When I read the subtitle of Master of Deceit: America in the Age of Lies plastered over the arresting torn from the headlines cover, it’s perhaps not surprising that my mind jumped to the more sensational aspects of the J. Edgar Hoover story and I approached the reading with less than an open mind. So, I’m going to ask kids to read about a cross-dressing bully in a historical context they have no clue about? Yeah, right! I’m pleased to report that I was wrong and I not only enjoyed the book, but also think it is an accessible and important book for students to read. I had assumed that I had a fairly good working knowledge of this point in American history. You don’t teach The Crucible for 15 years without establishing some foundational knowledge about McCarthy, Hoover et al. but I realize now that my understanding was always one built on fragments and I had never actually read a cohesive piece of writing that brought together all these fragments. Marc Aronson’s book does this and in a way that is clear and accessible and, perhaps surprisingly, does not dwell on some of the more prurient aspects of the J. Edgar Hoover story. Instead, he offers a nuanced and surprisingly wide ranging narrative that presents a cogent argument about why this particular aspect of the American experience is relevant today.
Many years ago, I took an early American literature course and came away with the realization that you cannot understand American culture and its effect on the larger world without understanding the Puritan origins of the land of the free and the home of the brave. Aronson argues, quite successfully, but never pedantically, that our understanding of the post-911 world cannot be complete if we don’t understand Hoover and his far-reaching impact on the American psyche. It is not a long book, so it naturally stops short of being a comprehensive look at the man and the era, but he picks his spots well and if he was aiming to write a book that could be accessed by a broad audience, including young adults, he has been successful. Now, all that being said, I do have some reservations about what kind of readership Aronson’s book is likely to draw from the 140 character, infographic loving, Instagram posting (keep inserting stereotypes at your leisure) set that is a big chunk our current student populace. I think the book would be an excellent one to teach, as there is much that we could explore about style, craft, use of visuals and, most importantly, historical context. The number of students I would recommend the book to with the confidence that he/she would finish it on their own would be limited, however.

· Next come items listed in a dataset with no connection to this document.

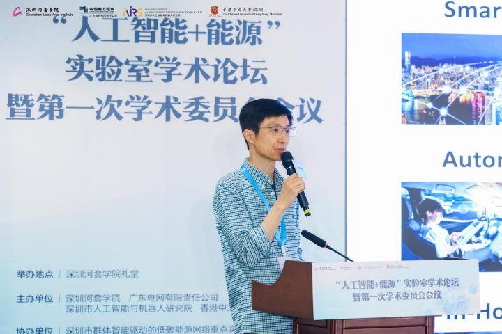 实验室联席主任、深圳河套学院双聘教授、香港中文大学(深圳)协理副校长、理工学院院长黄建伟教授回顾了实验室的建设历程。他指出,三方已有扎实的合作积累,包括国内首个多智能体协作省级AI调度员“明月”系统、人形机器人“知行者一号”等落地成果。实验室将充分利用广东电网的产业场景和深圳河套学院、AIRS的研究能力,构建“产学研用”深度融合的创新生态。
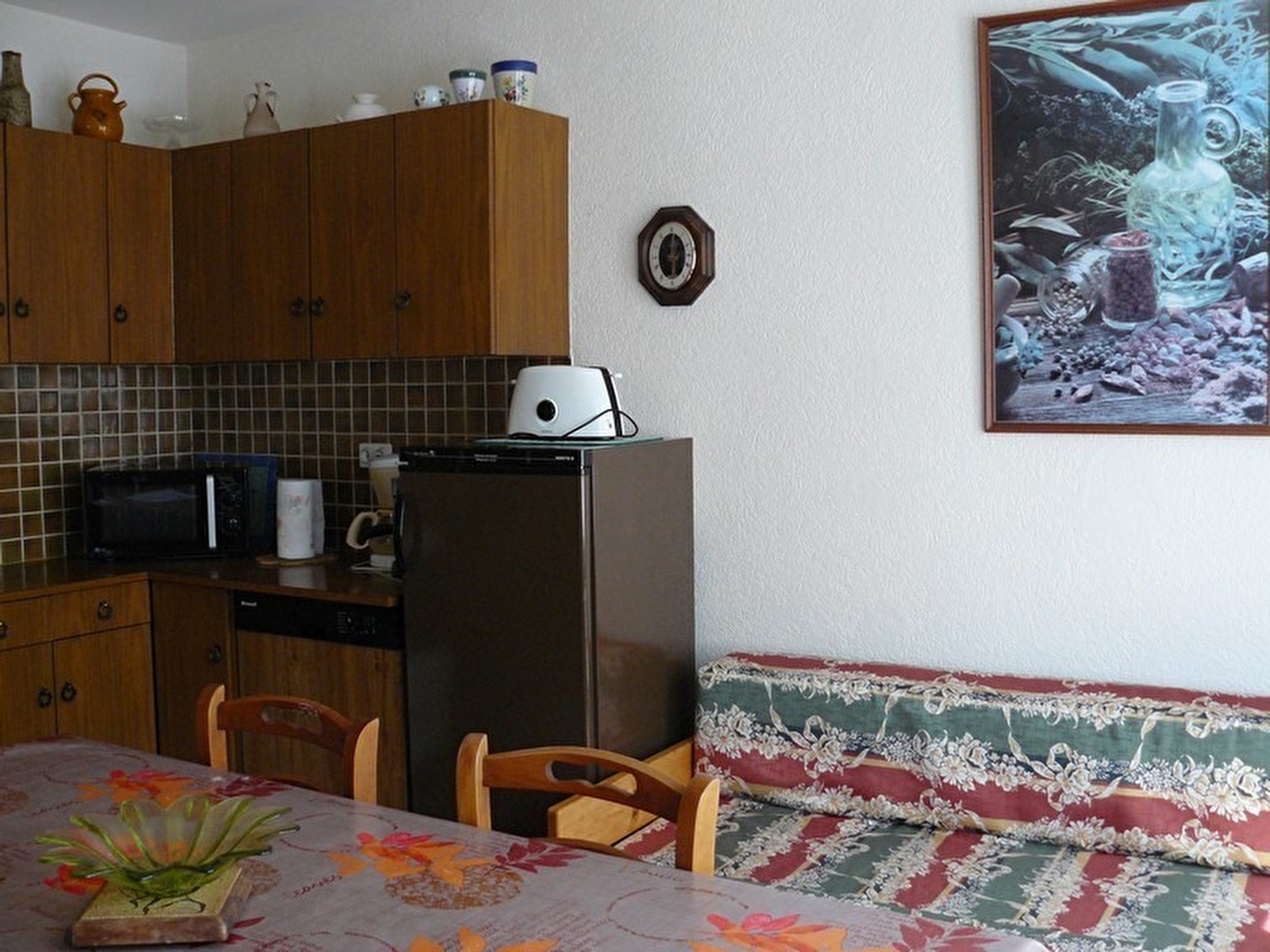 Logement au rez de chaussée. Hall d'entrée avec vestiaire, cuisine-séjour, salle d'eau, wc indépendant, ch1: 1 lit 2 pl, ch2: 1 lit 1 pl, canapé convertible, salon de jardin. Chauffage électrique. Toutes charges comprises. Forfait ménage à 30€.
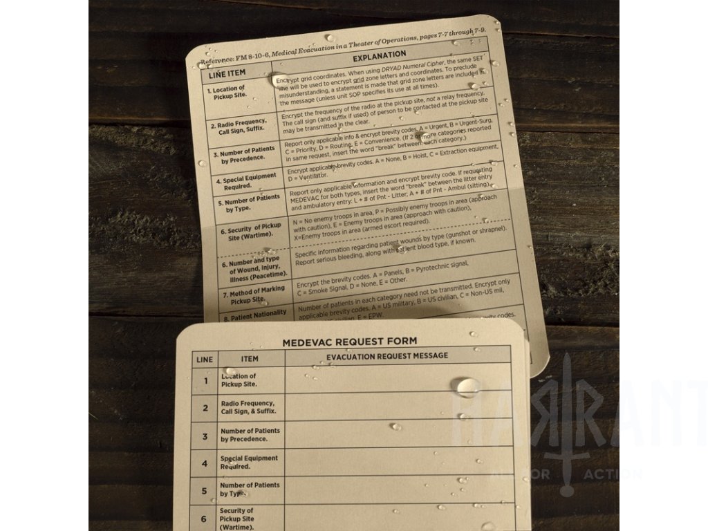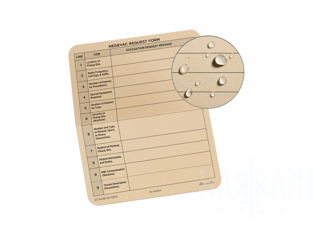 Tyto originální MEDEVAC karty Rite in the Rain jsou vyrobeny z odolného all-weather papíru, který spolehlivě funguje i v dešti, blátě nebo prachu. Přední strana obsahuje formulář 9-Line MEDEVAC, zadní strana pak vysvětlivky jednotlivých bodů.
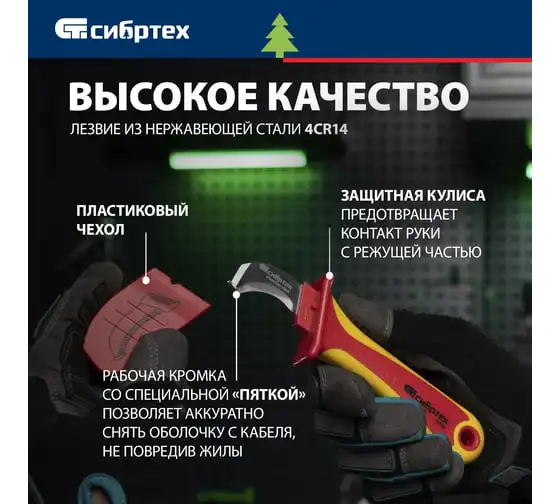 Диэлектрический нож для снятия оплетки электрокабелей СИБРТЕХ 78808
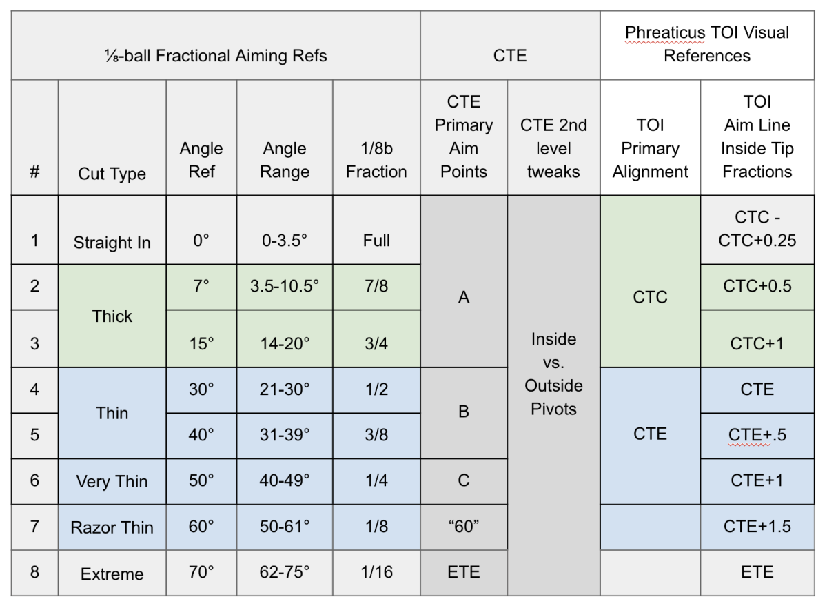 I completely concur with Hal's statement, and as we know CTE really actually has 4 primary aimpoints, Thick = A (15°), Thin = B (30°), Very thin = C (45°), and the Razor Thin (1/8b!?) cut ref for 60+° angles (For some reason they don't name it "D", never understood that…) Over time, the concept of inside & outside pivots was introduced, so essentially they have 4 primary aiming refs, each with 2 modifiers, meaning 4x2 = 8 effective aimpoints or angles are actually used. The mapping to 1/8b fractions is rather obvious, when seen from this perspective, yes? Again, all of this is decided subjectively by the shooter, and most of us understand that all this happens via feel & progressive experience. [insert violent apoplectic response & attack from Spiderboy or Cookieman here...]
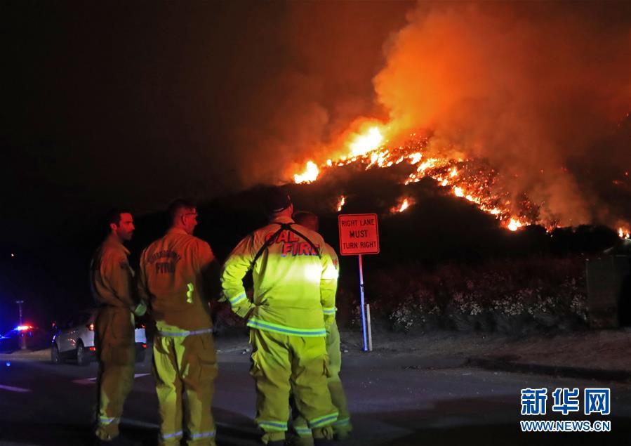 8月9日,在美国加利福尼亚州埃尔西诺湖地区,消防员观察火势。由于高温干燥天气持续,加州境内目前有10多处大规模山火正在燃烧。新华社记者李颖摄
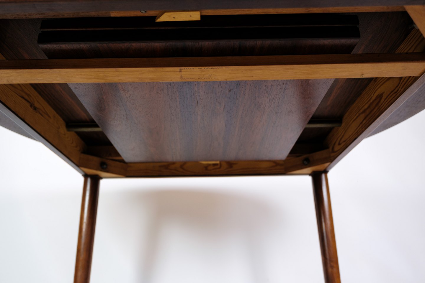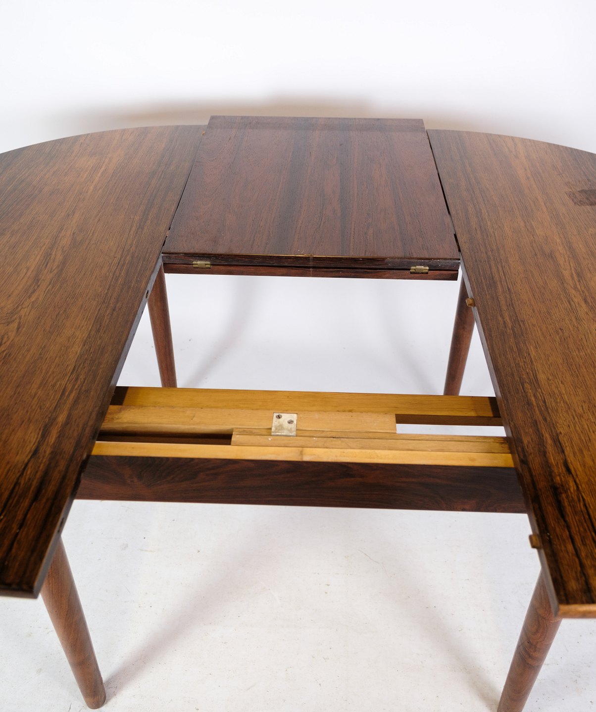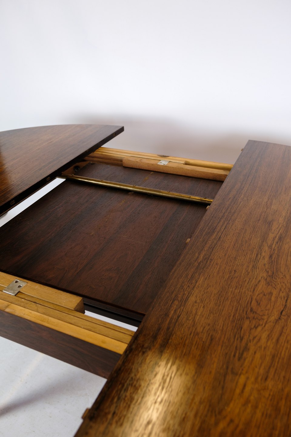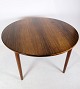 SoldTeak dining table with built-in additional plate and round legs of Danish design from around the 1960s.
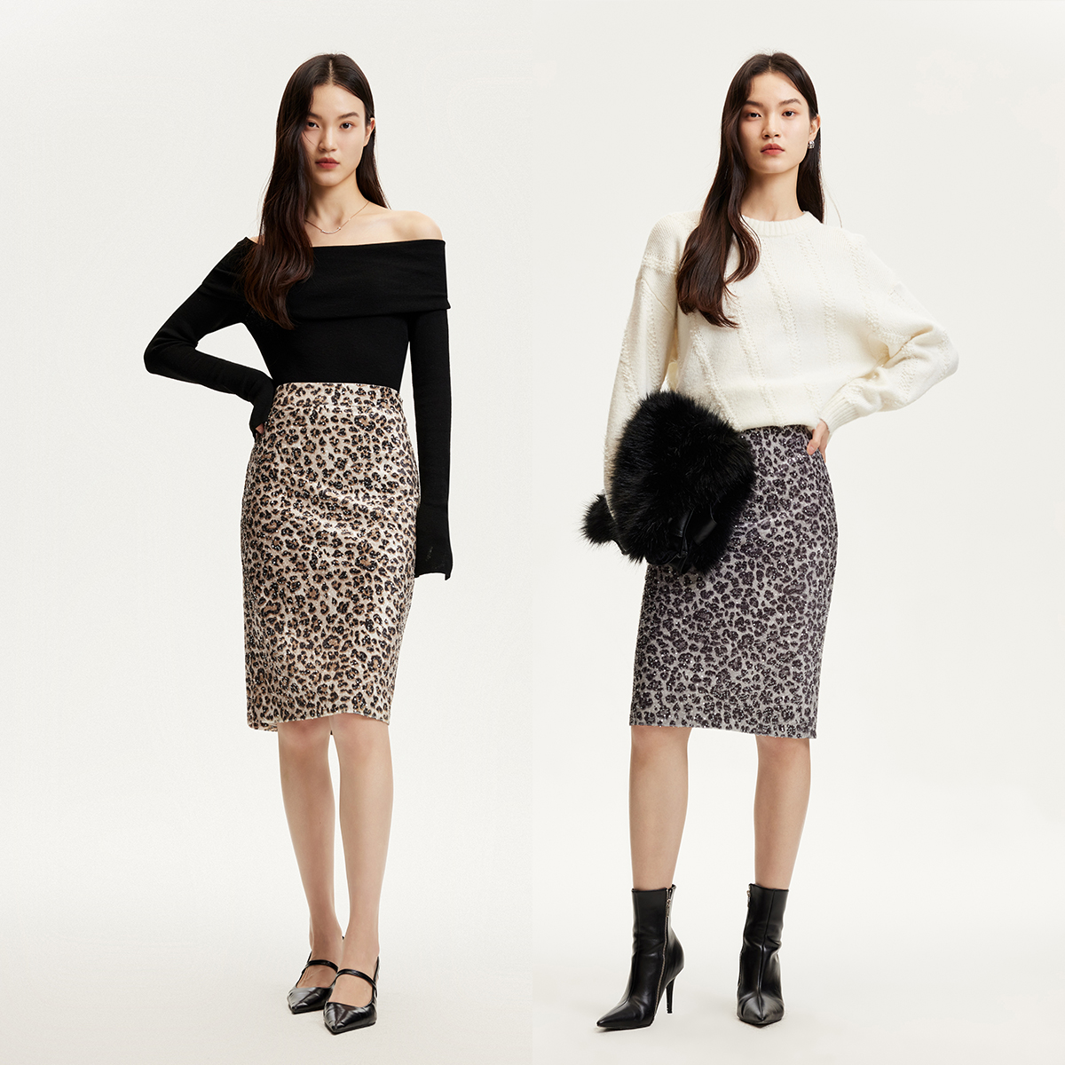 MOVEUP幻走2025冬季 .FUN系列丈根腰头加厚印花压褶复古半身裙 新款

This would not be the case with Elizabeth Wein’s Code Name Verity, though. As noted above, this book is very different from Master of Deceit and perhaps more in keeping with what those well-versed in the current YA Renaissance would recognize as high-quality teen fiction. Code Name Verity pretty much offers everything you could want from a novel: morally complex, yet extremely likeable protagonists; an interesting historical context framing a complex and often riveting plot; a narrative structure that does justice to the aforementioned complexities and . . . well, I think you probably get the picture. This is a novel that you are going to feel comfortable placing on your shelf with your classics to keep your big E English teacher street cred, but I think it is also a novel that you might be picking up for a friend for Christmas, or earmarking for that kid who totally “gets” great books, but also that kid who has never “got” books until that elusive right one comes along. This might be that book. Code Named Verity offers multiple entry points for readers and I could see myself trying to get this in the hands of very different people for very different reasons. It is not a particularly easy read: one needs to be fully-present to follow the narrative threads and pick up the nuances of the characterization. It is also emotionally wrenching at times with disturbing glimpses of a world at war and all the inherent brutality and callousness that such a world demands. While there are graphic depictions of violence, particularly torture, Wein never presumes to preach at us about the horrors of war, but rather invites us into the intimate discourse of her characters in such a way that we cannot turn away. It is not a perfect book, but do such things even exist? As Christina noted, and this is perhaps inevitable in a book like this, some of the pieces fall into place a little too easily at times, but that is a minor quibble in an exceptional novel. We both agreed that it should move on into the next round. Code Name Verity may be an early front-runner for the Smackdown crown.